'''
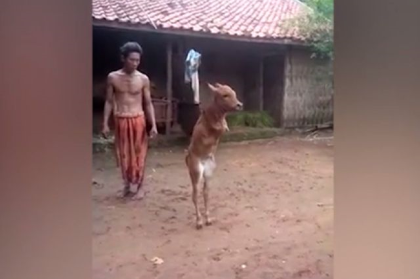 SEBUAH rakaman video pelik menunjukkan anak lembu berjalan seperti manusia dengan dua kaki dan dua tangan yang kudung tular di internet.
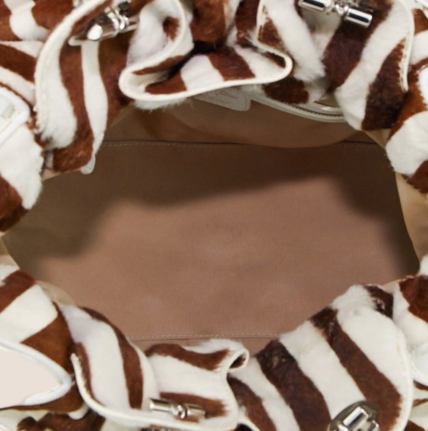 This drawstring Le Trente tote features hand-stitched of leather and zebra print pony hair, an adorable charm hanging off the front and two leather handles combined with triple silver-plated chains.
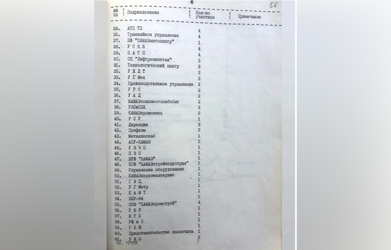 Внизу вы можете познакомиться с предварительной разнарядкой на выделение земельных участков среди камазовских подразделений.
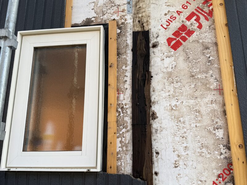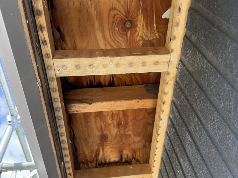 新築時の納まりが悪く、外壁側に雨だれが流れ込んでいるのが現地調査の時に発覚しました。
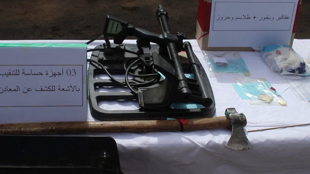 وحسب ما أورده بيان الدرك الوطني، العملية جاءت بناء على معلومات مؤكدة، أين باشر أفراد الفرقة الإقليمية للدرك الوطني ببوقايد التحقيق وتنشيط عنصر الإستعلامات، ليتم توقيف 05 أشخاص مشتبه فيهم ﻟﻘﻴﺎمهم ﺑﺄﺷﻐﺎﻝﺍﻟﺘﻨﻘﻴﺐ ﺃﻭ الاستكشاف ﺍﻟﻤﻨﺠﻤﻲ دون ترخيص، بالإضافة إلى حجز (02) جهازي تنقيب عن المعادن، جهاز مسح بالأشعة للكشف عن المعادن المدفونة، سلك نحاسي يسمى سيخ يستعمل للكشف التقليدي عن المعادن، ميزان يدوي إلكتروني، عقاقير وبخور، طلاسم وحروز شاحن لبطاريات جهاز المسح، 02 بطاريات خاصة بأجهزة الكشف  بقوة 14.8 فولط، مركبة سياحية، كماشتين)02( وورقة مدون عليها المسلك المتبع للوصول إلى الكنـز المدفون مكتوب بخط اليد.
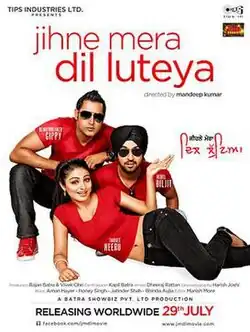 Jihne Mera Dil Luteya (transl. The one who stole my heart) is a 2011 Indian Punjabi language romantic comedy film directed by Mandeep Kumar with story and screenplay by Dheeraj Rattan, produced by Batra Showbiz Pvt. Ltd. and starring Gippy Grewal, Diljit Dosanjh, Neeru Bajwa, and Binnu Dhillon.[1]
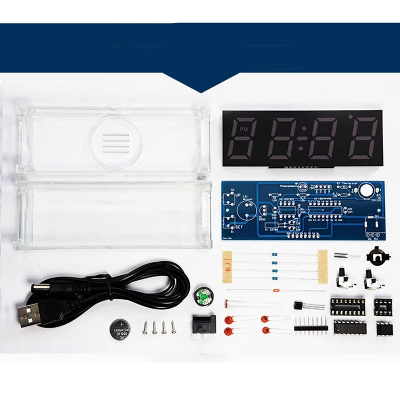 Фото может отличаться от реального вида предмета, но это не влияет на основные характеристики изделия | Электронный набор CLOCK-4DIG-KIT-Multicolor Набор для самостоятельной сборки электронных часов c термометром и регулировкой яркости свечения дисплея, цвет свечения Multicolor. Размеры платы: 100х35 мм.
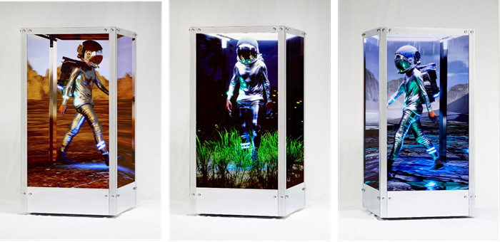 S.2122,Beeple,2023年作,四頻道數碼錄像雕塑(彩色、有聲),拋光鋁金屬外殼,內部薩佩萊木支架,221 × 121.9 × 121.9厘米,?圖片由藝術家提供
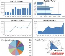 Excel用户的一个常见问题是:怎样才能知道我的数据应使用哪一种图表类型?遗憾的是,对于这个问题并没有一个现成的答案。也许最好的答案很含糊:使用以最简单的方式表现数据的图表类型。 下图所示为使用6种不同的图表类型绘制的一组相同数据。尽管6个图表都表现相同的信息(每月网站访问人数),但是它们彼此之间看起来大不...
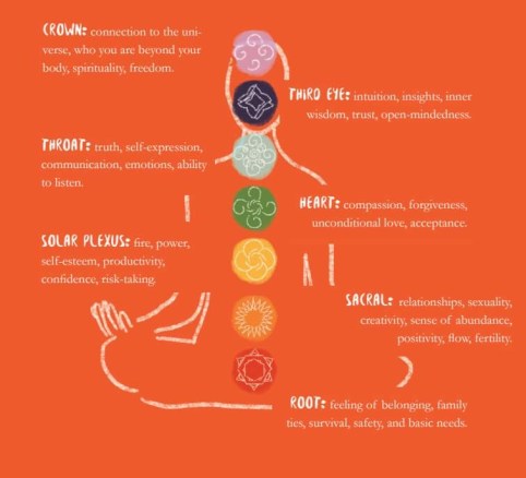 I really enjoyed the content and the illustrations (this is especially great for us visual learners). I first want to share with you the part about chakras – different energy vessels that live along our spine, neck and brain. Each individual but still connected.
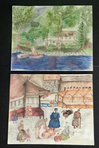 Title (ebay affiliate link): Lot Folk Art Pastels Paintings 19thc Market Scene Old Estate
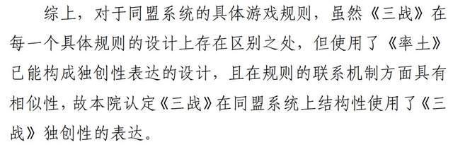 法院在判决书中写道:“《率土之滨》游戏通过规则间的相互联系以及由此形成的各种游戏机制的相互耦合,形成了庞大的游戏系统,形成稳定的具有独创性的游戏机制,应当被认定为‘符合作品特征的其他智力成果’,游戏整体纳入符合作品特征的其他智力成果予以保护的主张,本院予以支持。”
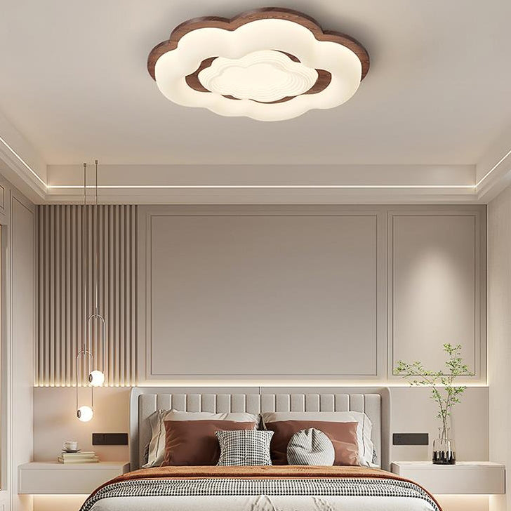 Contemporary Retro Cloud Shape Rubber Wood PE Lampshade LED Flush Mount Ceiling Light For Bedroom
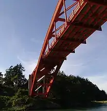 This is a deck arch bridge made of steel, built in 1957, with a total length of 242.90 metres (796.9 ft) and a main span of 176.80 metres (580.1 ft).[1] There is 75 feet (23 m) of clearance below the bridge, above Swinomish Clannel[2]
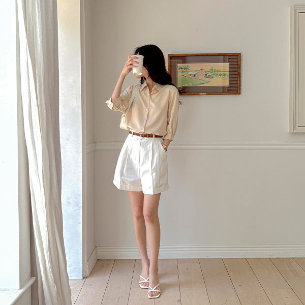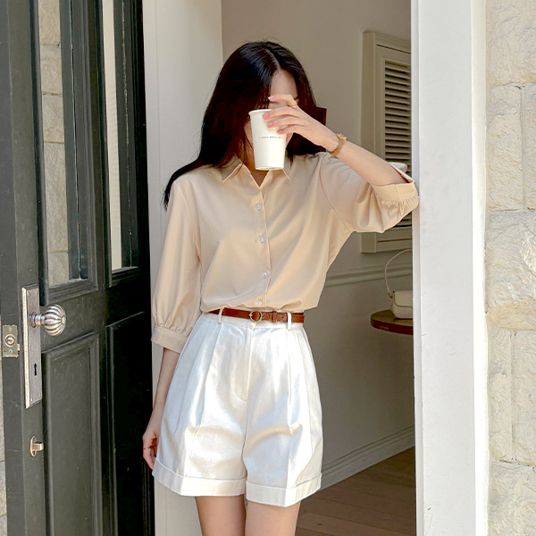 (1+1할인) シャーリング 7分袖 ソフト 弾力 ブラウス
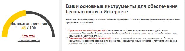 Синтетический анализатор мошенничества оценивает работу рассматриваемого брокера только в 46 баллов. Это низкий показатель для того, чтобы говорить о полном доверии компании.
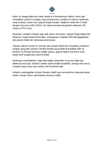 "Dengan adanya masjid ini, semoga para peserta diklat bisa menjadikan masjid ini
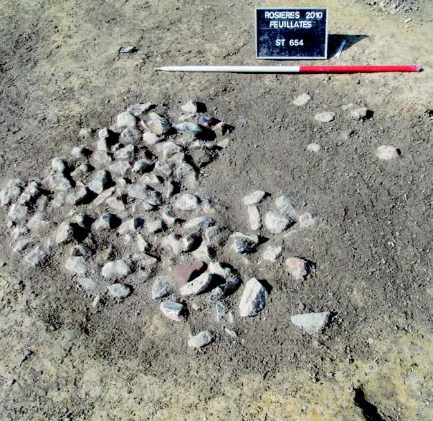 Le secteur fouillé semble correspondre à ces périodes à une zone humide. Des vestiges antérieurs à notre ère, peu nombreux, quelques fosses du Néolithique et de l’âge du Bronze, suggèrent une présence humaine intermittente.
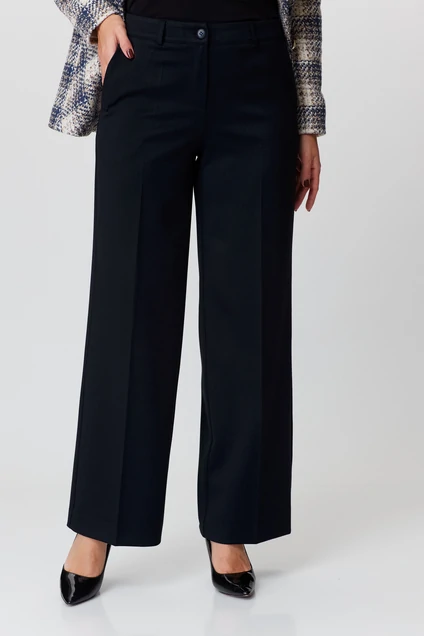 Брюки-палаццо, средней ширины,из плотной текстильной ткани,на сезон осень-зима, выполнены с карманами с отрезным бочком в боковом шве. Пояс притачной, застёжка на молнию. По задним половинкам обработаны вытачки.По боковым швам резинка. Длина по боковому шву 108 см.
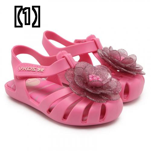 ジェリーサンダル キッズ 女の子 ベビー 透明 ストラップ つま先あり 軽量 滑り止め 痛くない 履きやすい 通気性 かわいい きらきら プール 水遊び 海 ピンク 赤 青 花 リボン 花
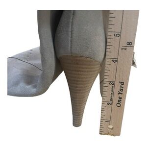 Over-the-knee boots, Suede, Studded, Pull tabs, Stacked heel, Pointed toe, Pull on, Leather sole.
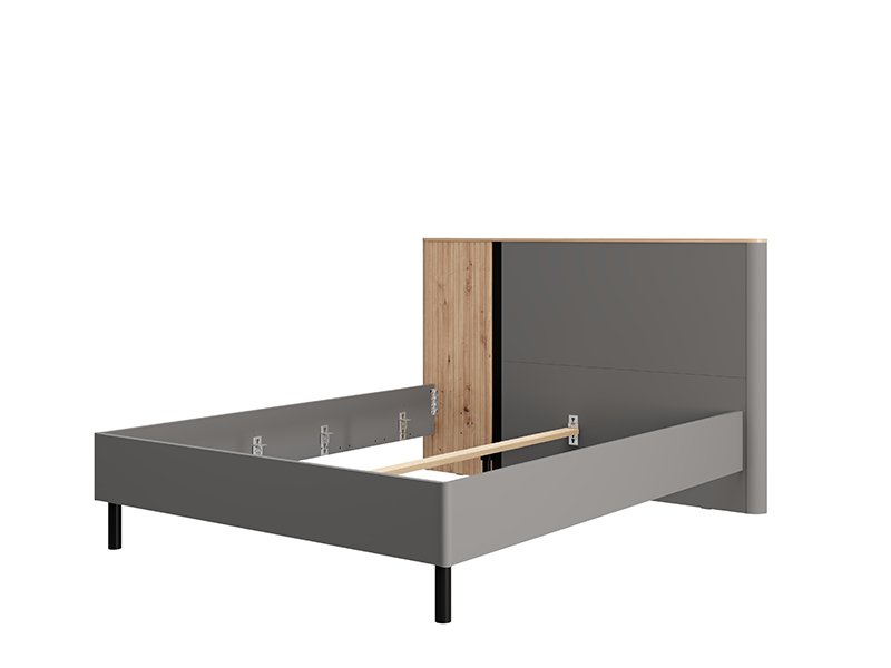 Bračni krevet SINOP 160, izrađen u kombinaciji dekora artisan hrasta, artisan hrast folije, grafit sivog i crnog drvo dekora, doprinosi modernom i sofisticiranom izgledu spavaće sobe, naglašavajući kontrast i jasno definisanu geometrijsku liniju dizajna.
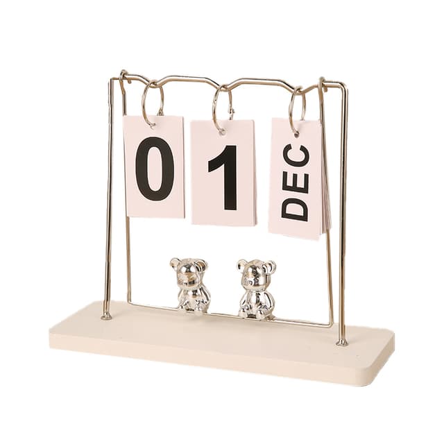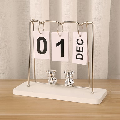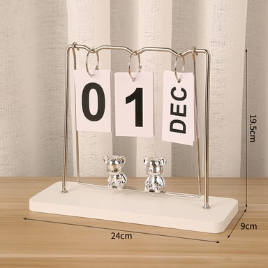 Manuaalinen kalenteri: Tässä koristeessa on ainutlaatuinen manuaalinen kääntökalenteri, jonka avulla voit muuttaa päivämäärää interaktiivisesti. Kääntösivuinen muotoilu lisää luovan ja leikkisän elementin päivittäiseen rutiiniisi. Täydellinen niille, jotka arvostavat käytännönläheistä toimintaa, tämä ikuinen kalenteri poistaa perinteisten paperikalentereiden tarpeen. Nauti päivämäärän päivittämisen tuntumasta ja lisää samalla ripauksen mielikuvitusta työpöydällesi tai hyllyllesi.
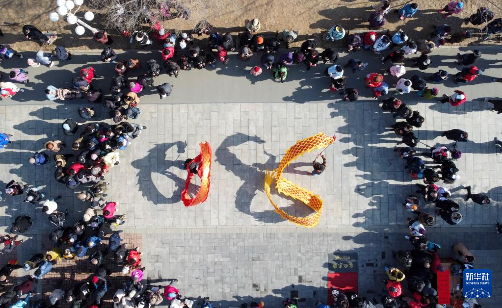 2月21日,在天津市水上公园,民间艺人表演空竹舞龙(无人机照片)。
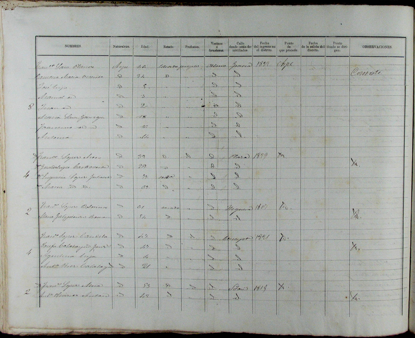 Padrón de habitantes, 1867
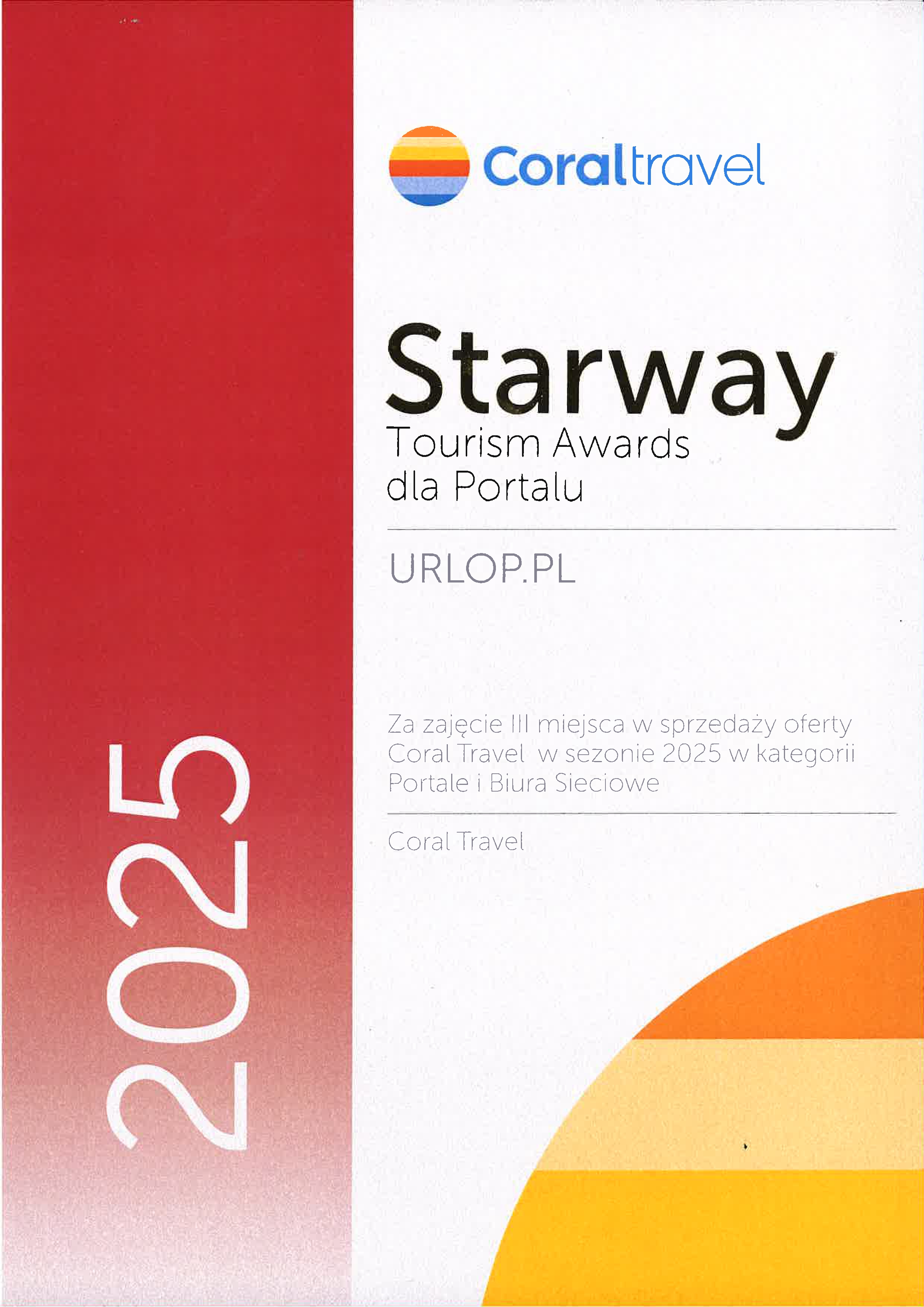 - Coral Travel – Starway Tourism Awards – prestiżowe nagrody dla najlepszych agentów w Polsce.
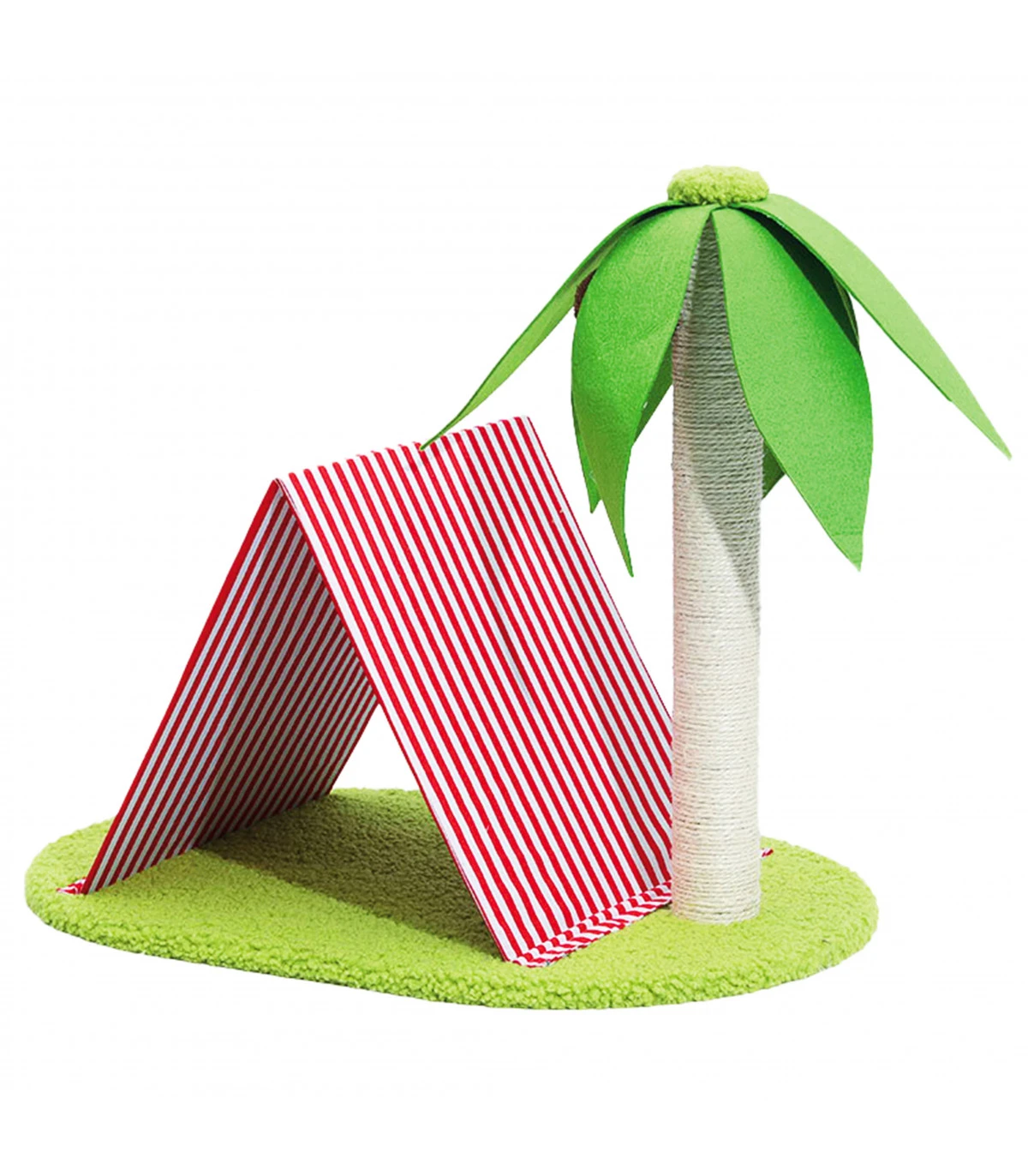 Arbre à chat avec cocotier et tente à rayures rouge et blanche
'''
Starting at the line above that has "Jihne Mera Dil" and ending at the line that has "I really enjoyed", copy each line exactly, leaving the pictures out and adding nothing.

**Result of the task**
 Jihne Mera Dil Luteya (transl. The one who stole my heart) is a 2011 Indian Punjabi language romantic comedy film directed by Mandeep Kumar with story and screenplay by Dheeraj Rattan, produced by Batra Showbiz Pvt. Ltd. and starring Gippy Grewal, Diljit Dosanjh, Neeru Bajwa, and Binnu Dhillon.[1]
 Фото может отличаться от реального вида предмета, но это не влияет на основные характеристики изделия | Электронный набор CLOCK-4DIG-KIT-Multicolor Набор для самостоятельной сборки электронных часов c термометром и регулировкой яркости свечения дисплея, цвет свечения Multicolor. Размеры платы: 100х35 мм.
 S.2122,Beeple,2023年作,四頻道數碼錄像雕塑(彩色、有聲),拋光鋁金屬外殼,內部薩佩萊木支架,221 × 121.9 × 121.9厘米,?圖片由藝術家提供
 Excel用户的一个常见问题是:怎样才能知道我的数据应使用哪一种图表类型?遗憾的是,对于这个问题并没有一个现成的答案。也许最好的答案很含糊:使用以最简单的方式表现数据的图表类型。 下图所示为使用6种不同的图表类型绘制的一组相同数据。尽管6个图表都表现相同的信息(每月网站访问人数),但是它们彼此之间看起来大不...
 I really enjoyed the content and the illustrations (this is especially great for us visual learners). I first want to share with you the part about chakras – different energy vessels that live along our spine, neck and brain. Each individual but still connected.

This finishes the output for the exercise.